Em 30 de março de 2012, os referidos recorrentes apresentaram à Comissão um pedido confirmativo, ao abrigo do artigo 7.o, n.o 2, do Regulamento n.o 1049/2001.

15

Em 30 de abril de 2012, a Comissão informou‑os de que, à luz das informações prestadas na denúncia e das observações transmitidas pelas autoridades alemãs na sequência dos seus pedidos de informações, não lhe era possível declarar a alegada violação do direito da União pela República Federal da Alemanha, nomeadamente do Regulamento n.o 1394/2007. A Comissão informou‑os também de que, na falta de mais provas da sua parte, seria proposto o encerramento do inquérito.

16

Em 21 de junho de 2012, com a decisão controvertida, a Comissão indeferiu o acesso aos documentos controvertidos, com fundamento no artigo 4.o, n.o 2, terceiro travessão, do Regulamento n.o 1049/2001. Em substância, entendeu que a divulgação desses documentos poderia afetar a boa tramitação do procedimento de inquérito aberto relativamente à República Federal da Alemanha. Por outro lado, considerou que, no caso, não era possível um acesso parcial a esses documentos ao abrigo do artigo 4.o, n.o 6, do Regulamento n.o 1049/2001. Por último, considerou que não existia nenhum interesse público superior, na aceção do artigo 4.o, n.o 2, última parte do período, do Regulamento n.o 1049/2001, que justificasse a divulgação desses mesmos documentos.

17

Em 27 de setembro de 2012, a Comissão informou os recorrentes em primeira instância de que o processo EU Pilot 2070/11/SNCO estava definitivamente encerrado.
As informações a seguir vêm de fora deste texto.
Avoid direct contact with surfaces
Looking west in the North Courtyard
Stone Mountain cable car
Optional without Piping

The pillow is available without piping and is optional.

III. Tramitação do processo no Tribunal Geral e acórdão recorrido

18

Por petição apresentada na Secretaria do Tribunal Geral em 6 de julho de 2012, os recorrentes em primeira instância pediram a anulação da decisão controvertida. A Comissão pediu que o Tribunal Geral julgasse o recurso improcedente.

19

No processo no Tribunal Geral, o Reino da Dinamarca, a República da Finlândia e o Reino da Suécia intervieram em apoio do pedido daqueles recorrentes, enquanto a República Checa e o Reino de Espanha intervieram em apoio dos pedidos da Comissão.

20

Em primeira instância, esses recorrentes invocaram, em substância, quatro fundamentos de recurso, relativos à violação, respetivamente, do artigo 4.o, n.o 2, do Regulamento n.o 1049/2001, do artigo 4.o, n.o 6, desse regulamento, do dever de fundamentação e da Comunicação da Comissão ao Parlamento Europeu e ao Provedor de Justiça Europeu relativa às relações com o autor da denúncia em matéria de infrações ao direito comunitário, de 20 de março de 2002 [COM(2002) 141 final] (JO 2002, C 244, p. 5).

21

O Tribunal Geral julgou improcedentes todos esses fundamentos e, consequentemente, negou integralmente provimento ao recurso.
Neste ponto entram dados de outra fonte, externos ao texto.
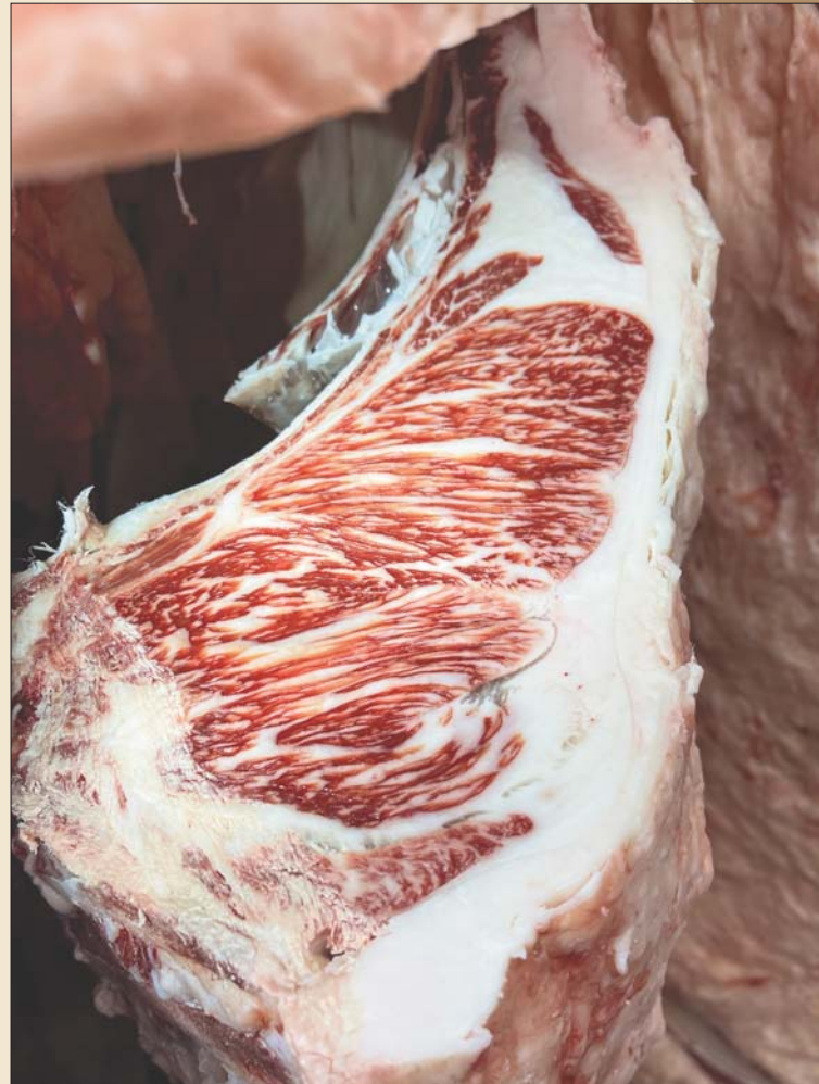
WSI ITOSHIGETERU Progeny carcass.

IV. Pedidos das partes e tramitação do processo no Tribunal de Justiça

22

Com o presente recurso, o Reino da Suécia pede que o Tribunal de Justiça anule o acórdão recorrido mais a decisão controvertida e condene a Comissão nas despesas.

23

O Reino da Dinamarca pede que o Tribunal de Justiça anule o acórdão recorrido.

24

A República da Finlândia pede que o Tribunal de Justiça anule o acórdão recorrido e a decisão controvertida.

25

A Comissão e o Reino de Espanha pedem que o Tribunal de Justiça negue provimento ao presente recurso e condene o Reino da Suécia nas despesas.

26

A República Checa pede que o Tribunal de Justiça negue provimento ao presente recurso.

27

Por decisão do presidente do Tribunal de Justiça de 7 de abril de 2015, foi admitida a intervenção da República Federal da Alemanha em apoio dos pedidos da Comissão. Este Estado‑Membro pede que o Tribunal de Justiça negue provimento ao presente recurso.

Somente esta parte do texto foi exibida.